I do a very similar, split-process-combine method, using multiple processes to create intermediate files, then use a single process to merge the resulting files. Here are some tips to get better performance:

• Turn off indexing while you are writing the files by passing index=False, see here for the docs. I believe that PyTables incrementally updates the index, which in this case is completely unecessary (as you are going to merge them afterwards). Index only the final file. This should speed up the writing quite a bit.

• You might consider changing the default indexing scheme / level, depending on what your queries are (assume you follow the advice several points below to NOT create too many data columns).

• In a similar vein, don't create a compressed file when writing the pre-merged files, rather create it AFTER the indexed file is written (in an uncompressed state), so this ends up being your final step. See the docs here. Furthermore, it is very important to pass --chunkshape=auto when using ptrepack which recomputes the PyTables chunksize (e.g. how much data is read/written in a single block), as it will take into account the entire table.
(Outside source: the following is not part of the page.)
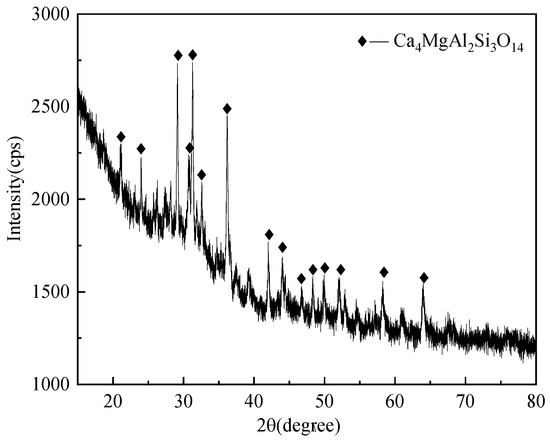 Table 1 shows the chemical composition of zinc-containing smelting slag. The chemical composition is diverse, providing a rich selection of raw materials for the manufacturing of glass-ceramics. The smelting slag contains various elements such as silicon, aluminum, iron, and calcium, which are the main components required for manufacturing glass-ceramics. Therefore, using smelting slag to manufacture glass-ceramics not only has an abundant provision of raw materials but also could adjust formulas based on the chemical composition of the slag. It produces glass-ceramics with different properties and applications. Furthermore, the physical properties of smelting slag make it an ideal raw material for manufacturing glass-ceramics. These metallurgical slags have fine particle size and good uniformity, which is extremely beneficial for the formation and crystallization process of glass-ceramics. Using the raw materials, one could control the structure and performance of glass-ceramics easily, achieving higher product quality and more extensive application fields. The XRD pattern of the smelting slag is depicted in Figure 1.

• RE compression, YMMV may vary here, depending on how well your data actually compresses, and what kinds of queries you are doing. I have some types of data that I find it is faster to NOT compress at all even though in theory it should be better. You have to just experiment (though I always do use blosc). Blosc only has one compression level (its either on for levels 1-9 or off for level 0). So changing this will not change anything.

• I merge the files in the indexed order, basically by reading a subset of the pre-merge files into memory (a constant number to use only a constant amount of memory), then append them one-by-one to the final file. (not 100% sure this makes a difference but seems to work well).

• You will find that the vast majority of your time is spent creating the index.

• Furthermore, only index the columns that you actually need! by making sure to specify data_columns=a_small_subset_of_columns when writing each file.

• I find that writing a lot of smallish files is better, then merging to create a largish file, rather than writing a few large files, but YMMV here. (e.g. say 100 100MB pre-merge files to yield a 10GB file, rather than 5 2GB files). Though this may be a function of my processing pipeline as I tend to bottleneck on the processing rather than the actual writing.

• I have not used, but hear amazing things about using a SSD (sold-state-drive), even if it's relatively small for this kind of thing. You can get an order of magnitude of speedup using one (and compression may change this result).